Chele, I have two things for you on opposite sides of the field here:
1.) So.... who cares if you DO decide to find out?? The whole idea of being 'team ____' is for the FUN.... so if it turns out that waiting is too stressful, then don't worry about it!! Find out! Do whatever will be more fun for you... this is not about a test of wills, mama.
However:
2.) What's stressing you out? You said you're stressed about the sex... but there's really nothing to stress about..... you can be perfectly prepared for baby without knowing the sex, and you can do nursery decorating and shopping for gender-specific cute stuff later after babe is born. As long as you've got a few cute sleepers/onesies, the baby necessities (Which aren't often gender specific anyway) and a place for baby to sleep, you're good. You won't even use your nursery at first, baby will sleep in your room.

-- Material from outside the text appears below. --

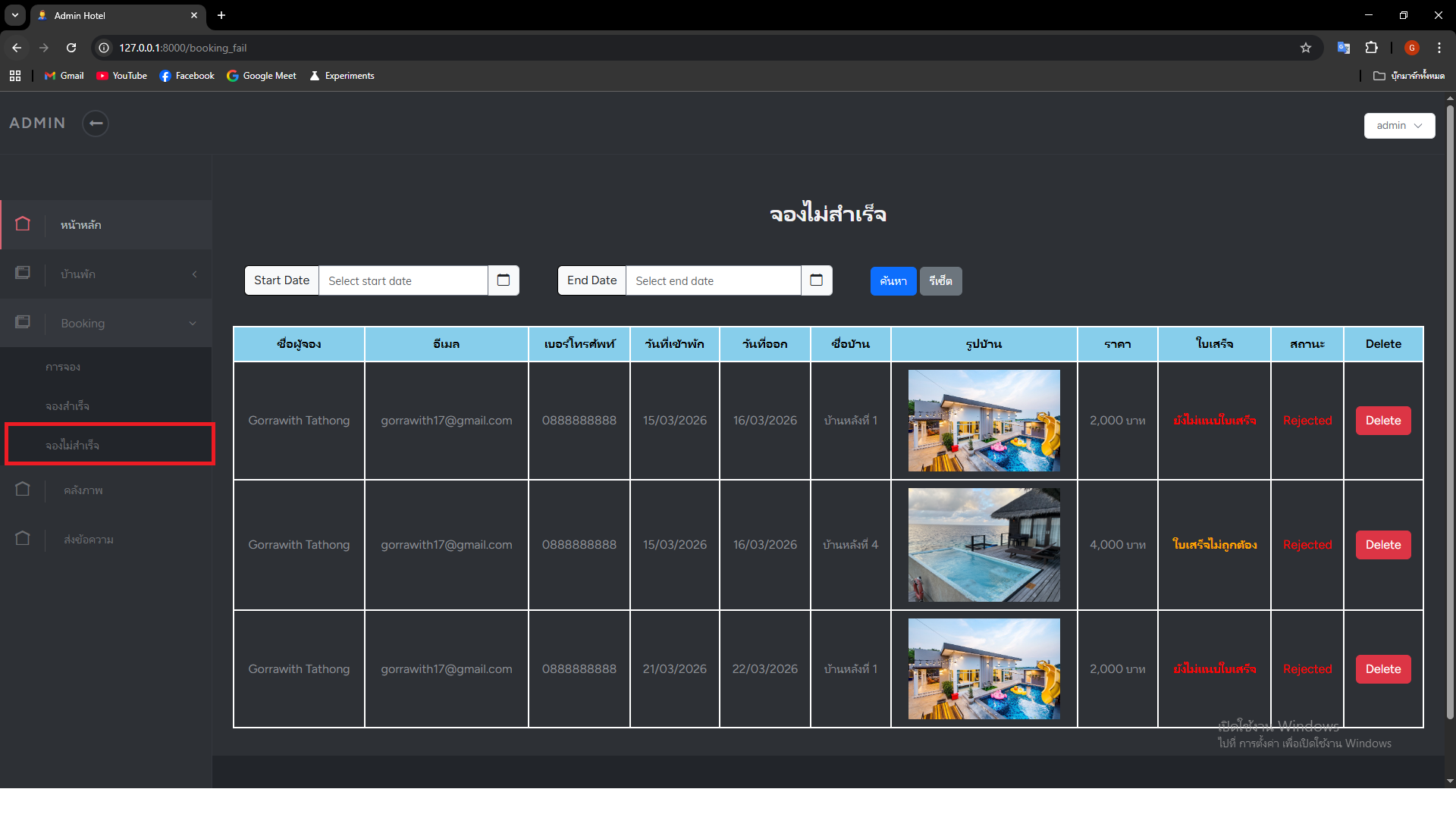 เมื่อการจองของ User ไม่สำเร็จ ข้อมูลจะมาอยู่ในหน้า จองไม่สำเร็จ และจะแจ้งสาเหตุของการจองที่ไม่สำเร็จ (กดที่รูปเพื่อดูรายละเอียด)

So.... whatcha' stressin about?
Thanks Hun,
Ok so 1) I have always been really adamant that it annoys me when people find out. I loved the not knowing with Max and know deep deep down how disappointed I'd be in myself that i gave into that temptation.
2) I'm not stressed at all about the organisational aspect, it's a doddle I think, just the same as it was first time.
It's just..........I want a girl
Before I got pregnant with Max I wanted a girl, then when I was pregnant I had a feeling he was a boy, and got used to the idea he was a boy and in the end wanted a boy, but always to follow him with a girl. I love him to bits and love having a boy, don't get me wrong. But it's my long term desire to have a girl. I have a very close relationship with my mum and it's something I want with my own daughter. Yes you can be close to your son but there is something about a mother/daughter bond that I long for. I want to be the mother of the bride, not the mother in law.
I know the true answer for me is that I need to stay team yellow. Once he's born, I'll love him no matter what. I have to admit I know that I will have a split second of disappointment, but once he is in my arms, I am pretty sure my love will flood and I won't mind. And therefore if I do find out now and it is a boy, I'll have four months of that disappointment in my mind. Sounds awful and I hate myself for thinking it.
No one I know with a girl longs desperately for a boy, knowing they wouldn't be complete without one. It's always the other way round.
But should I find out now to get my head round it? I secretly hope my patience will pay off and ill be rewarded with a girl, but do i deserve one for thinking like I do?!
I think it also doesn't help that there is a massive chance it'll be a boy anyway. In DH's family there are NO girls. DHs dad is one of 4 boys, DHs uncle has had two boys, DH has a brother, DHs cousin had a boy, DHs other cousin had two boys. Plus time of conception means there's a greater chance it's a boy anyway.
But the funny thing about all this is that I only see my family as me, DH and two boys. Maybe I just can see into the future???!!